Complementary and Alternative Medicine for Atopic Dermatitis

An Evidence-Based Review

Brittany L. Vieira; Neil R. Lim; Mary E. Lohman; Peter A. Lio;


Am J Clin Dermatol. 2016;17(6):557-581. 

In This Article


A review of the medical literature was completed following the recommendations of the PRISMA (Preferred Reporting Items for Systematic Reviews and Meta-Analyses) statement criteria.[6] In conjunction with a research librarian, a search of PubMed, EMBASE, the Cochrane Central Register of Controlled Trials and Cochrane Database of Systemic Reviews, and the Global Resource for EczemA Trials (GREAT) databases was conducted through March 2015 to identify all studies reporting complementary or alternative therapies of AD. Medical subject headings (MeSH) used in the literature search included atopic dermatitis or atopic eczema and complementary therapies, alternative medicine, therapies, integrative medicine, natural, diet therapy, diet modification, nutrition therapy, dietary supplement, pyridoxine, vitamins, zinc, herb therapy, herbal medicine, homeopathy, massage, acupuncture, balneotherapy, phytotherapy, traditional Chinese medicine, aromatherapy, naturopathy, hypnosis, acupressure, oil, vitamin D, cryotherapy, hydrotherapy, and biofeedback, as well as permutations of these words found in the title or abstract.

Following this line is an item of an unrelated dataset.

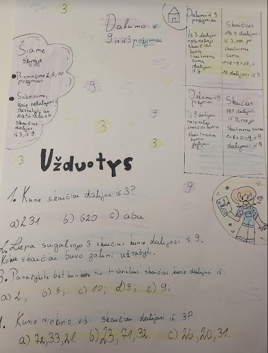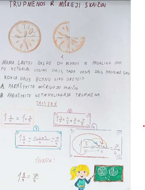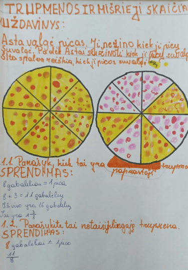 Dovydo Šuliausko darbas taip pat įsiminė savo vizualumu. Buvo aiškinama mišriųjų skaičių ir netaisyklingos trupmenos idėja.
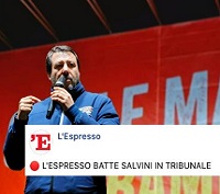 «Matteo Salvini è stato sconfitto dall’Espresso e sbugiardato dai giudici sullo scandalo dei 49 milioni confiscati alla Lega ma in gran parte spariti»: con queste parole L’Espresso annuncia la sentenza a suo favore .

The inclusion and exclusion criteria were prospectively limited to publications in the English language and randomized controlled trials (RCTs) of ten or more human subjects, and included adults, adolescents, children, or infants with AD. We excluded trials that did not assess the alternative or complementary therapy as the primary intervention to which the experimental group was exposed. Trials assessing probiotics were also excluded; while controversies remain, they have their own robust and more conventional literature. The primary outcomes of interest included clinical signs and symptoms, long-term control of flares, and quality of life.

The authors conducted a manual review of the titles and abstracts identified from the search. Details were independently obtained about the patient population, study design, intervention, and outcome measure. A study met inclusion criteria for this review if it was determined to be an RCT with a sample size of ≥10, if it evaluated an alternative therapy, and if it assessed clinical improvement of AD severity as the primary outcome; discrepancies were resolved by consensus. The authors obtained the full text of the studies for independent assessment and determined eligibility again after full-text review. Disagreements were resolved by discussion among all authors. The authors were not blinded to the names of authors, journals, or institutions.

Authors' conclusions are based on available evidence.